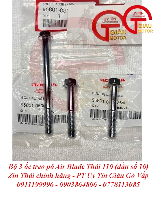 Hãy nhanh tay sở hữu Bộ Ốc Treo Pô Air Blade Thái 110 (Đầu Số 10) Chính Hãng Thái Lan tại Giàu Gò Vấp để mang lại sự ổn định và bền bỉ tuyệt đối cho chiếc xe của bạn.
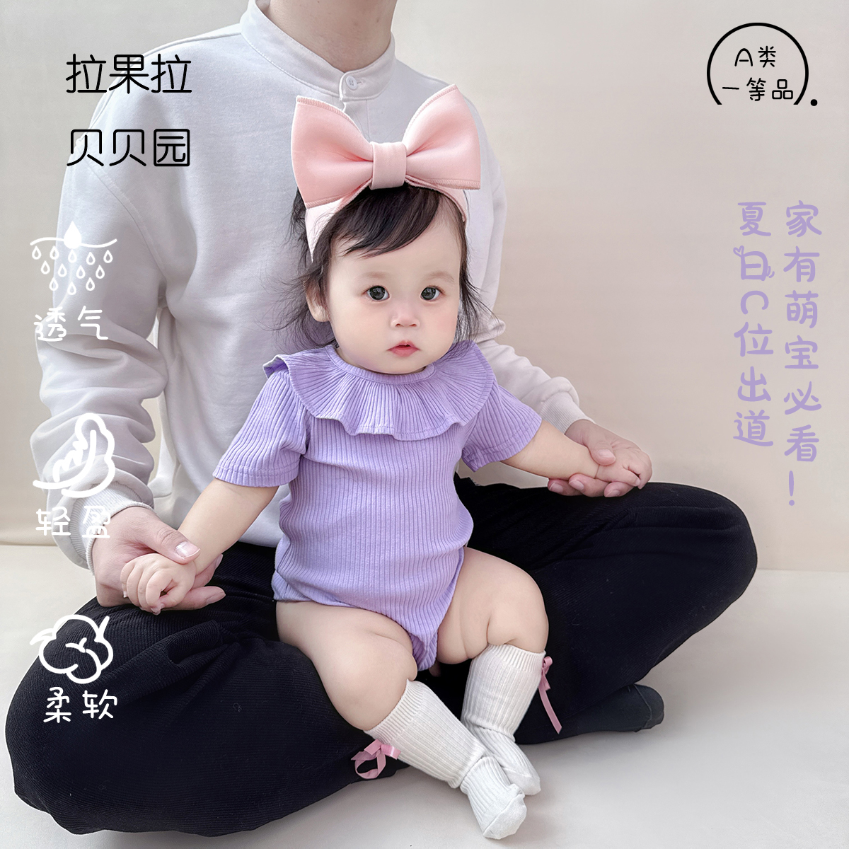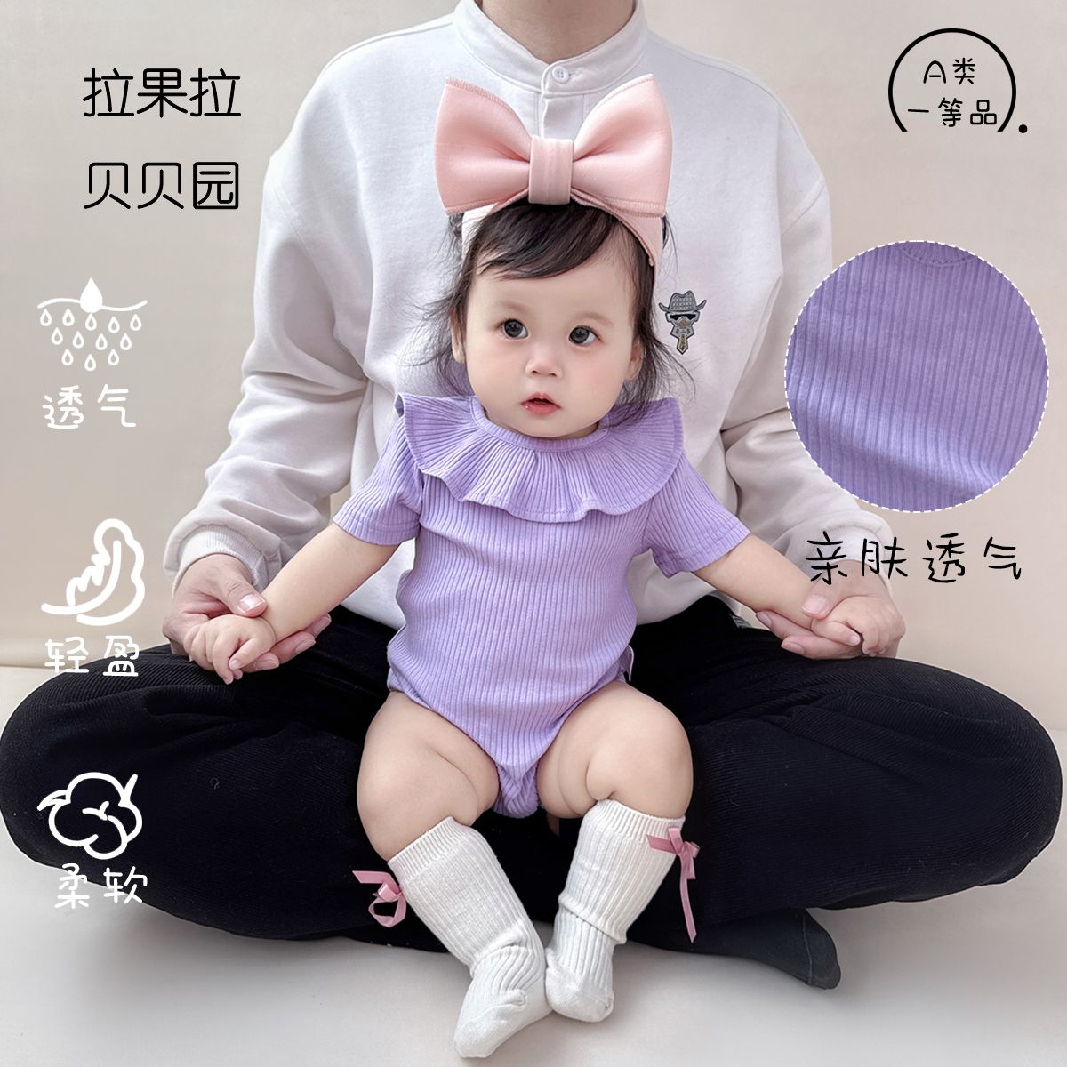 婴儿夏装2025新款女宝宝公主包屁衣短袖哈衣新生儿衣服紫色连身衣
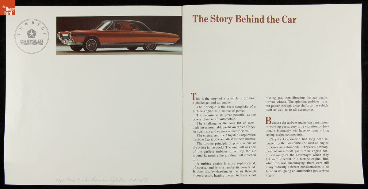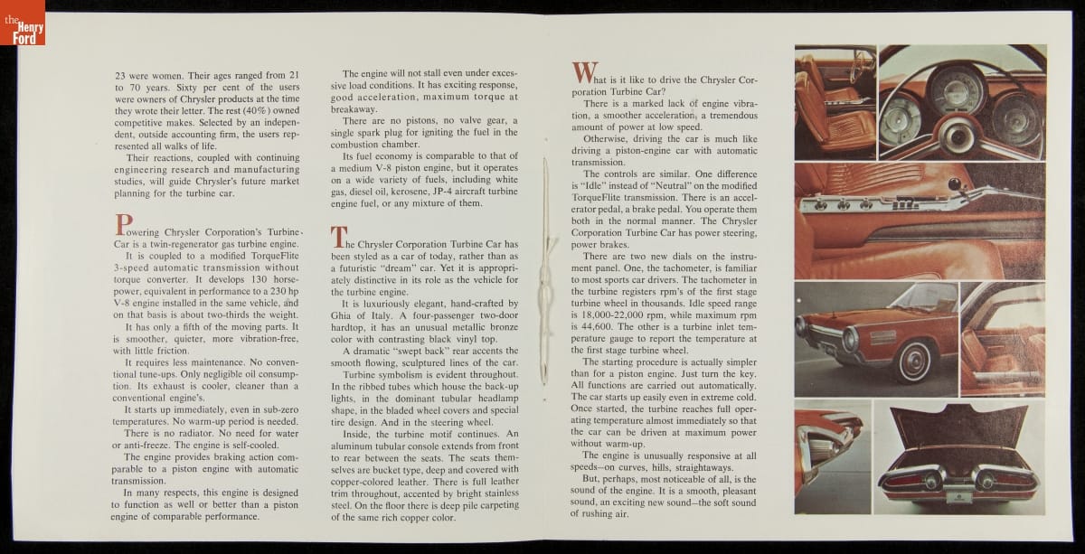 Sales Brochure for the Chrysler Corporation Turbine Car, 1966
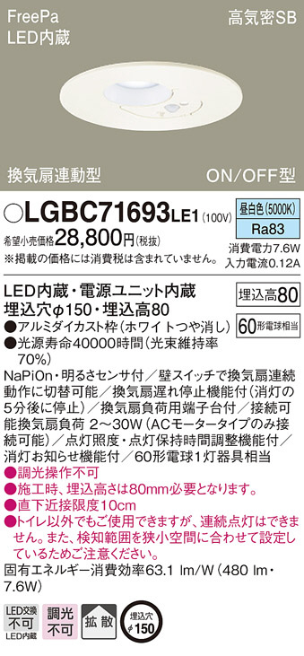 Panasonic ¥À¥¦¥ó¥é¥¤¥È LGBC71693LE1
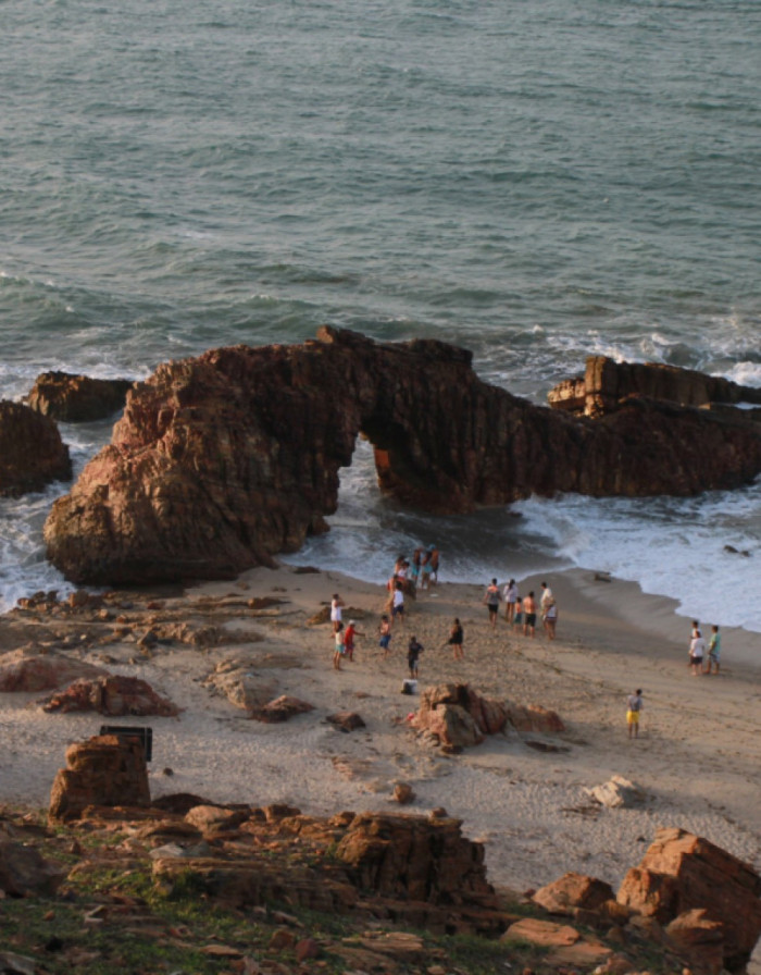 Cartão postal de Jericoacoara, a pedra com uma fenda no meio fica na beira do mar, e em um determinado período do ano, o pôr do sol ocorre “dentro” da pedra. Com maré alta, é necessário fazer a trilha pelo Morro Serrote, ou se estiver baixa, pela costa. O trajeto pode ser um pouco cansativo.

☆ ☆ ☆ ☆ ☆

Directions for this task — Nothing but the lines from the line containing "Panasonic ¥À¥¦¥ó¥é¥¤¥È LGBC71693LE1" through the last line of the listing above should appear, output exactly, with no pictures.

Task result —
 Panasonic ¥À¥¦¥ó¥é¥¤¥È LGBC71693LE1
 Cartão postal de Jericoacoara, a pedra com uma fenda no meio fica na beira do mar, e em um determinado período do ano, o pôr do sol ocorre “dentro” da pedra. Com maré alta, é necessário fazer a trilha pelo Morro Serrote, ou se estiver baixa, pela costa. O trajeto pode ser um pouco cansativo.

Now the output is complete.